The global intelligence crisis hits the white-collar
The scenario shows investors initially misreading the damage as confined to software, consulting, and payments, overlooking that the United States is essentially a white-collar services economy in which higher earners drive most discretionary spending.
After the damage spills into other sectors, job postings in software, finance, and consulting fall sharply, while demand for blue-collar workers in areas such as healthcare and construction holds up but cannot compensate for lost high-income demand, pulling real wages lower in both groups.

Unlike earlier technology shifts, AI both automates existing roles and quickly learns the tasks that might have become the new jobs, so the new AI-related positions that do appear pay less and are far fewer than the roles eliminated.
Private credit and prime mortgages pulled into the loop
As the downturn deepens, stress spreads into private credit as years of leveraged buyouts of software and information services firms, priced on the assumption of stable recurring revenue, collide with AI-driven contract cancellations and price cuts.
When a large software company backed by private equity fails to meet its debt obligations, credit investors are forced to rethink how much of their portfolios depends on businesses vulnerable to AI, and the resulting losses spill over to life insurers that bought many of these loans, pushing regulators to tighten capital rules and adding more pressure to sell.

At the same time, falling incomes among high-earning professionals start to weigh on the $13 trillion U.S. mortgage market. The scenario shows rising delinquencies and falling home prices in tech-heavy cities, not because loans were poor quality at origination, but because borrowers’ earnings power is structurally lower than assumed.

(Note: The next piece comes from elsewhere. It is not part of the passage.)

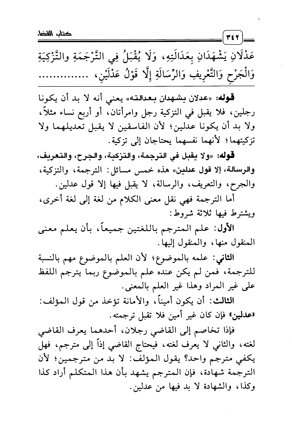 قوله: «ولا يقبل في الترجمة، والتزكية، والجرح، والتعريف، والرسالة، إلا قول عدلين» هذه خمس مسائل: الترجمة، والتزكية، والجرح، والتعريف، والرسالة، لا يقبل فيها إلا قول عدلين.
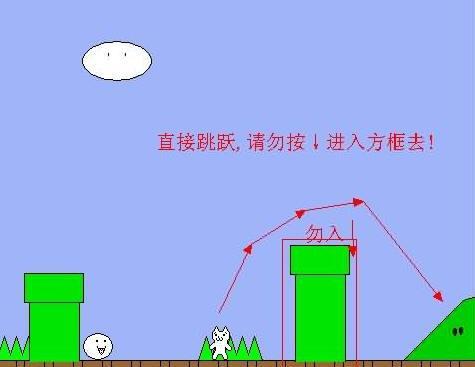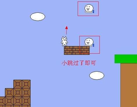 正确的方法应该是先跳上出生地上方的石头,然后再跳过对面,在怪物下来前,将上方的红砖全部顶碎,然后等怪物下来好,把握时机从怪物头上跳过去。

The memo asks whether even “prime” mortgages can still be treated as safe if white-collar employment and pay remain under pressure.

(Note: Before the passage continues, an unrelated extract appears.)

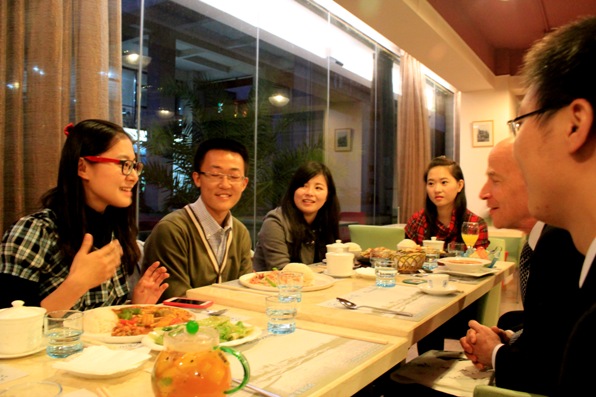 座谈会结束之后,Kornberg教授在海角网 傅磊教授、周虎臣教授的陪伴下,与九名学生代表在校园咖啡厅共进晚餐。Kornberg教授不仅与同学们分享了自己对于科研、家庭与人生经历的思考,还谈论了自己对于21世纪世界经济一体化的理解与感悟。Kornberg教授说此行是他第六次来到中国,他目睹了中国20多年来日新月异的发展,上海是一个充满魅力的城市。同学们一一回答了Kornberg关于校园生活、职业发展和兴趣爱好的问题,他高度评价了同学们流利的外语表达能力和广阔的国际视野。

Policy fights time and public anger
The final section focuses on politics. As labor’s share of GDP falls and income shifts to capital and compute, tax receipts undershoot projections just as more workers need long-term support rather than short, cyclical benefits.
Proposals in the scenario include a “Transition Economy Act” offering direct transfers to displaced workers funded partly by a tax on AI compute and a broader “Shared AI Prosperity Act” that would give the public a claim on AI-generated returns.
Public frustration spills into protests aimed at leading AI labs, echoing the anger once directed at banks after the global financial crisis. The authors argue that while each side looks for villains, the deeper problem is time, as institutions struggle to adapt at the speed of technological change.
Intelligence premium under pressure
Citrini Research frames the exercise as the unwind of a centuries-old “intelligence premium,” where scarce human cognition was the core productive asset shaping labor markets, credit systems, and tax rules.
In the scenario, markets are forced to reprice that assumption as machine intelligence becomes cheap and abundant. The authors say such a repricing would be painful but not necessarily catastrophic, and stress that today’s investors and policymakers still have a chance to act before these outcomes take shape.

Writing in early 2026, they argue there is still time to examine how far the financial system depends on earnings streams tied to expensive human intelligence, and to design new frameworks before reality begins to resemble the thought experiment.